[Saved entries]
══════════

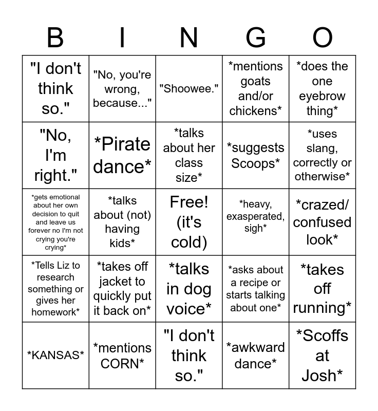 This bingo card has a free space and 24 words: *takes off jacket to quickly put it back on*, *mentions CORN*, *talks about her class size*, *KANSAS*, *does the one eyebrow thing*, "I don't think so.", "No, I'm right.", "No, you're wrong, because...", *heavy, exasperated, sigh*, *talks in dog voice*, *suggests Scoops*, *gets emotional about her own decision to quit and leave us forever no I'm not crying you're crying*, *asks about a recipe or starts talking about one*, *takes off running*, *Pirate dance*, *awkward dance*, *crazed/ confused look*, "Shoowee.", *uses slang, correctly or otherwise*, *talks about (not) having kids*, *Scoffs at Josh*, *Tells Liz to research something or gives her homework*, *mentions goats and/or chickens* and "I don't think so.".
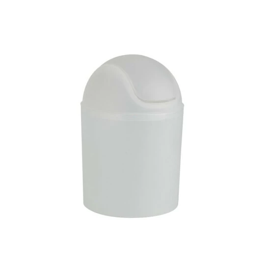 Der Schwingdeckeleimer Arktis von WENKO in der Farbe Weiß gefrostet ist ein nützlicher dezenter Helfer in Bad und Küche.
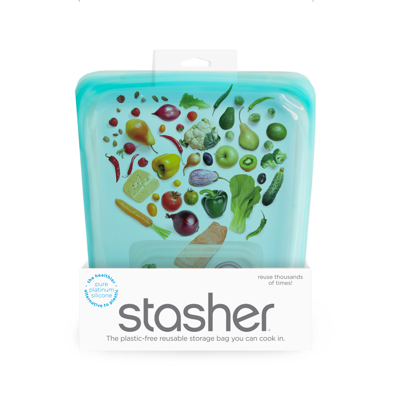 Izgatavots no 100 % dabīga, ar platīnu apstrādāta silikona, Stasher ir piemērots pārtikai, izturīgs pret temperatūru un ilgmūžīgs, tajā pat laikā tas nesatur BPA un BPS un neizraisa alerģiju, tāpēc tas ir drošs cilvēkiem un planētai.
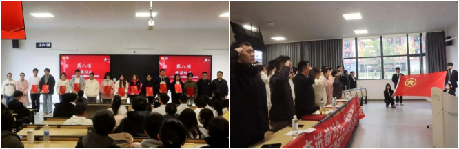 会上,大家一起重温入团誓词,出席活动的各位老师为2024年度主题团日活动优秀班级颁发证书并合影留念。
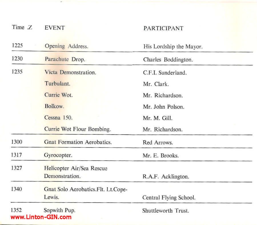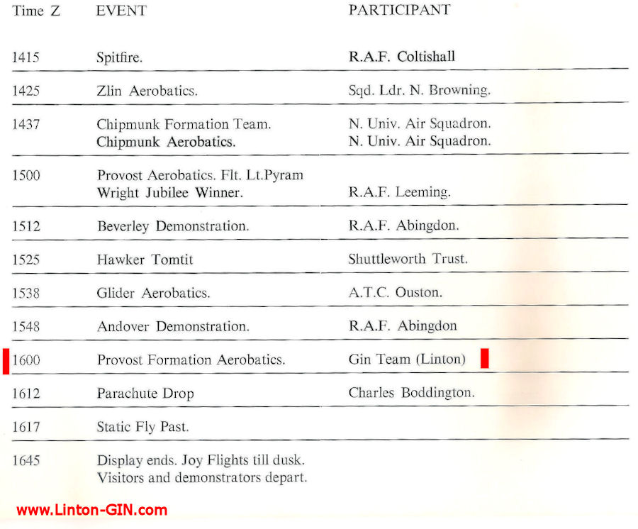 Here's a couple of scans of the programme from this event. PLEASE NOTE : The Arial photo is a "general" photo of 3 JP's & NOT the GIN team !
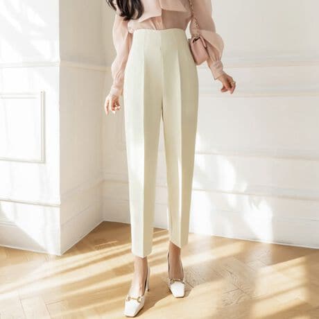 ハイウエスト仕様で脚長効果があり、腰まわりもすっきりと見える構成です。
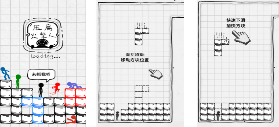 这是款将俄罗斯方块和火柴人元素进行融合的轻量级游戏,主要任务就是放置方块尝试压扁火柴人,这种简约画风的特殊消除类游戏耐玩性十足,自由压扁火柴人的游戏设定互动性也更强一些,简单的点触操作即可控制方块的落点,各种颜色的可爱火柴人都可以不断压扁获得解压的快感。
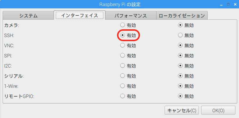 SSH インターフェイスの設定を変更しないと, ラズパイは SSH 接続を受け付けない. "メニュー" => "設定" => "Raspberry Pi の設定" を起動し, "インターフェイス" タブを選択する. 以下のように SSH を「有効」にする.
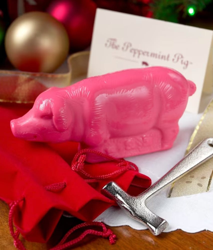 For the month of December, make your pig roast a Peppermint Pig Roast and we’ll include a peppermint candy pig, velvet bag & hammer for your party to take part in the tradition.
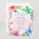 A praia oceânica moderna, aloha havaiana, estilo feminino, modelo barato convite de aniversário de orçamento feminino com flores coloridas de hibisco, com folhas tropicais, uma estrela-estrela, uma ave flamingo rosa sobre um fundo rosa-claro-rosado. +++++++++ O convite é adequado para o verão aloha, litoral, oceano, praia, destino sazonal pelas festas de aniversário marítimas. +++++++++ LEIA ISTO ANTES DE COMPRAR! Este é um cartão de casamento de barato orçamentário impresso em uma folha de papel (cada folha tem um cartão). +++ Para obter a melhor qualidade de preço, nosso conselho é escolher o tipo de papel Semi-Gloss (é espesso o suficiente para ser usado para papelaria) +++ Se você precisar de envelopes, escolha a OPÇÃO ENVELOPE. ++ Verifique duas vezes todas as informações e a ortografia do seu texto porque você receberá exatamente o que você vê - ninguém mais verificará nada antes de imprimir. +++ Esta placa foi projetada para o tamanho de 4,5" x 5,6". Caso você escolha outro tamanho do cartão e o texto saia da página, tudo precisa ser corrigido antes de adicionar o produto ao carrinho. Peça ajuda ao Serviço de Design ao Vivo.
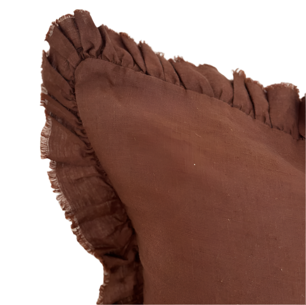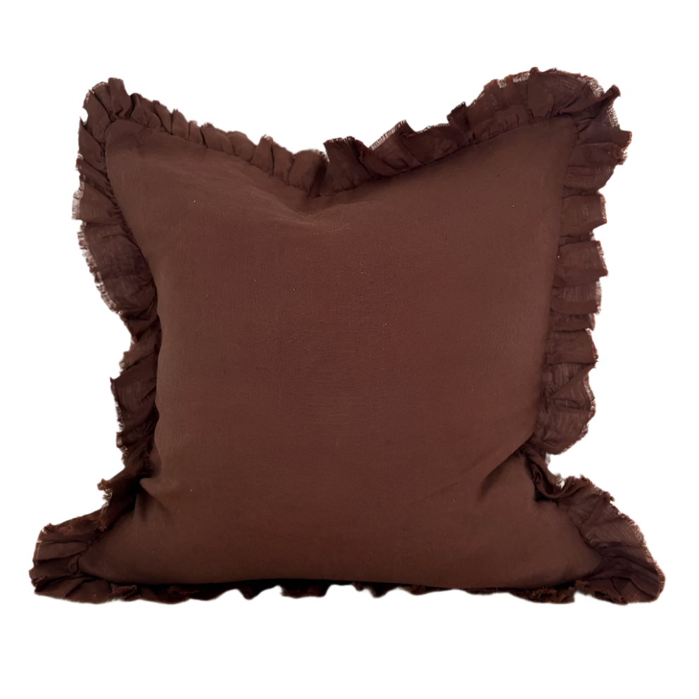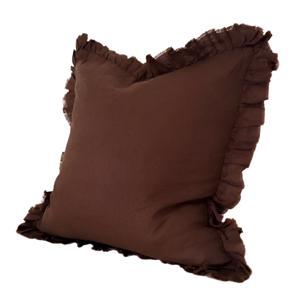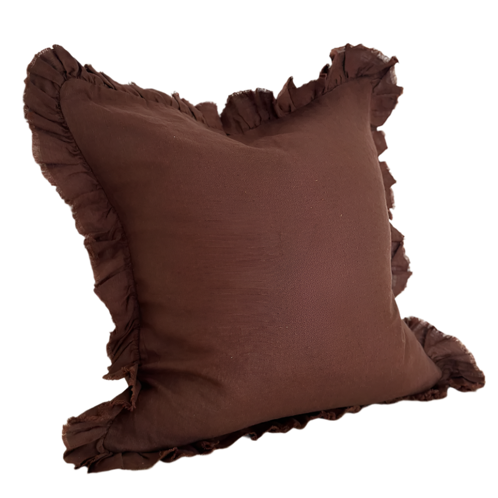 Introducing our Celia Dark Brown Ruffle Cushion. Our Celia cushions are made from 100% stonewashed linen and feature a ruffle edge. Our dark brown tone is perfect for adding depth and warmth to your interiors. Includes luxurious feather cushion filler.
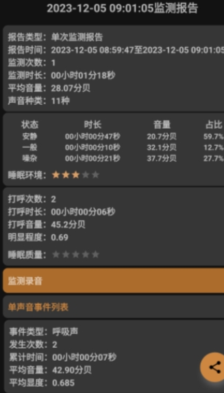 3. 监测结束后,别呼呼会生成包含打呼噜次数、时长、声音大小等指标的睡眠质量报告。
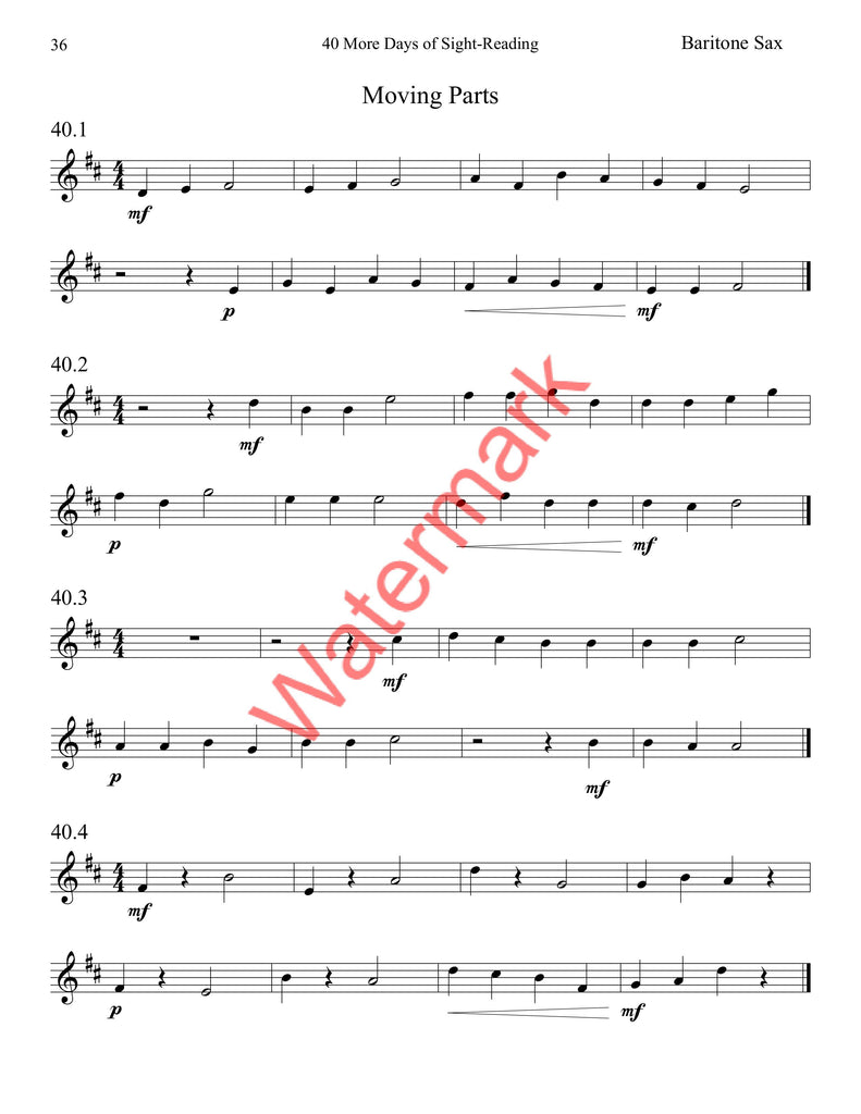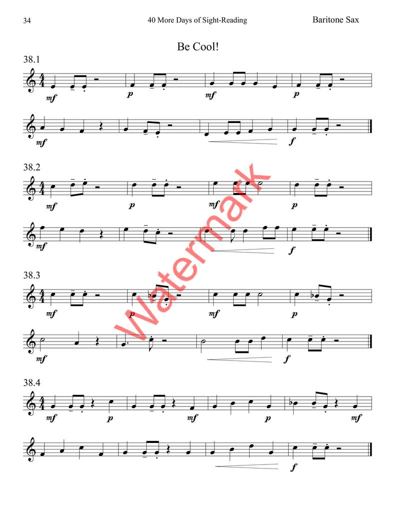 All lines are in unison, and most are 8 measures long. These lines are short to maximize rehearsal time.After the initial start, each page has a line in the key of B-flat, E flat, and F.
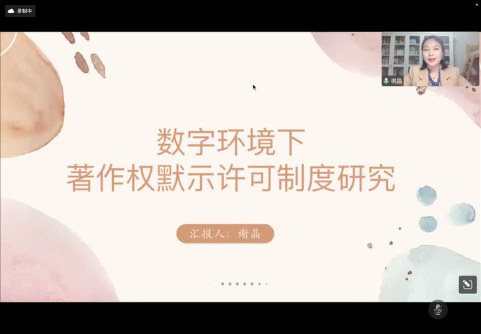 2022年11月14日晚,学院“研究生学术月”青年博士论坛如期召开,青年博士谢晶以线上会议的形式,为全院同学作了一场题为《数字环境下著作权默示许可制度研究》的学术报告。本次报告由吴迪老师主持,李玉璧教授参与讨论,我院一百余名同学聆听了此次讲座。
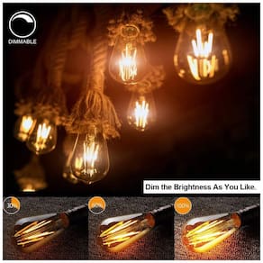 BULBO EDISON DIMMABLE Atualize o driver regulável com a lâmpada totalmente regulável disponível, que é sem cintilação, silenciosa e possui recursos de escurecimento suave de 0 100 com todos os dimmers. A lâmpada led edison totalmente regulável permitirá que você crie o equilíbrio perfeito de luz vintage ESTILO VINTAGE ANTIGO Preserve o estilo retrô das lâmpadas tradicionais de Edison, esta lâmpada certamente adicionará personalidade a qualquer ambiente Parece com as lâmpadas edison convencionais, mas com a vantagem do LED baixo calor, economia de energia, longa vida útil LUZ QUENTE AMBER A lâmpada vintage emite uma bela iluminação ambiente quente e desda em vez de uma iluminação esmagadoramente brilhante, faz com que seu quarto pareça mais agradável, aconchegante e mais convidativo ECONOMIZE SEU DINHEIRO As lâmpadas de filamento de LED substituem a lâmpada incandescente de 40W por LED de 4W, economizando mais de 90 na conta de luz de eletricidade. Feito pelo exclusivo FILAMENTO DE OURO resistente oferece 20.000 horas de vida útil, você pode usar por 18 anos com base no uso 3 horas por dia Marca: Não Informado
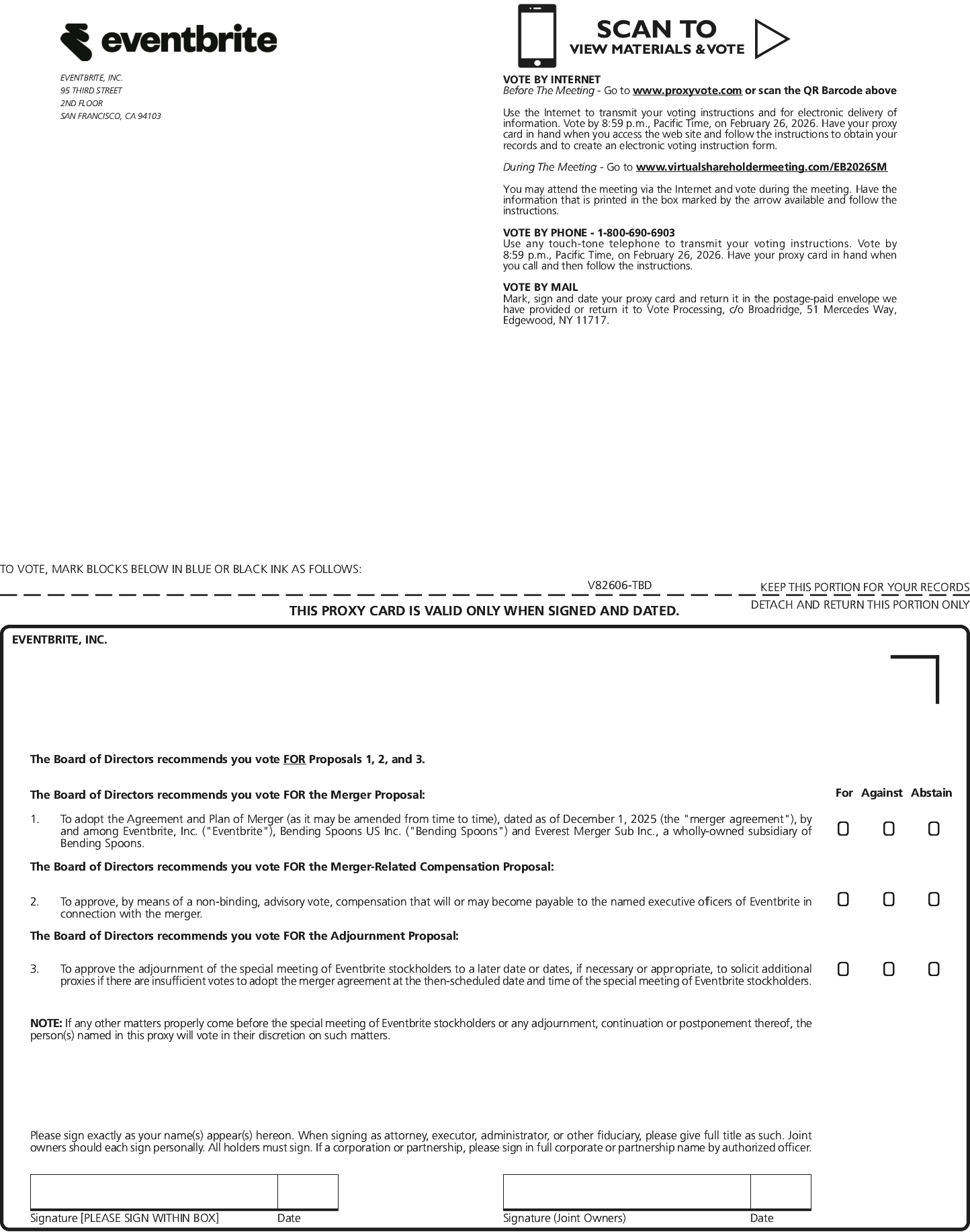 At the special meeting, you will be asked to consider and vote on a proposal to adopt the Agreement and Plan of Merger (as it may be amended from time to time), dated as of December 1, 2025, which we refer to as the merger agreement, by and among Eventbrite, Bending Spoons US Inc., a Delaware corporation and a wholly-owned subsidiary of Bending Spoons S.p.A., which we refer to as Bending Spoons, and Everest Merger Sub Inc., a wholly-owned subsidiary of Bending Spoons, which we refer to as Merger Sub. Pursuant to the terms of the merger agreement, Merger Sub will merge with and into Eventbrite, with Eventbrite surviving the merger as a wholly-owned subsidiary of Bending Spoons, which we refer to as the merger. You also will be asked to consider and vote on (i) a proposal to approve, by means of a non-binding, advisory vote, compensation that will or may become payable to the named executive officers of Eventbrite in connection with the merger and (ii) a proposal to approve one or more adjournments of the special meeting to a later date or dates, if necessary or appropriate, to solicit additional proxies if there are insufficient votes to adopt the merger agreement at the then-scheduled date and time of the special meeting.

══════════

:: ASSIGNMENT ::
Among the entries above, take the lines from the one with "Introducing our Celia" through the one with "2022年11月14日晚,学" and retype them exactly, leaving out the pictures.

:: FINAL ANSWER ::
 Introducing our Celia Dark Brown Ruffle Cushion. Our Celia cushions are made from 100% stonewashed linen and feature a ruffle edge. Our dark brown tone is perfect for adding depth and warmth to your interiors. Includes luxurious feather cushion filler.
 3. 监测结束后,别呼呼会生成包含打呼噜次数、时长、声音大小等指标的睡眠质量报告。
 All lines are in unison, and most are 8 measures long. These lines are short to maximize rehearsal time.After the initial start, each page has a line in the key of B-flat, E flat, and F.
 2022年11月14日晚,学院“研究生学术月”青年博士论坛如期召开,青年博士谢晶以线上会议的形式,为全院同学作了一场题为《数字环境下著作权默示许可制度研究》的学术报告。本次报告由吴迪老师主持,李玉璧教授参与讨论,我院一百余名同学聆听了此次讲座。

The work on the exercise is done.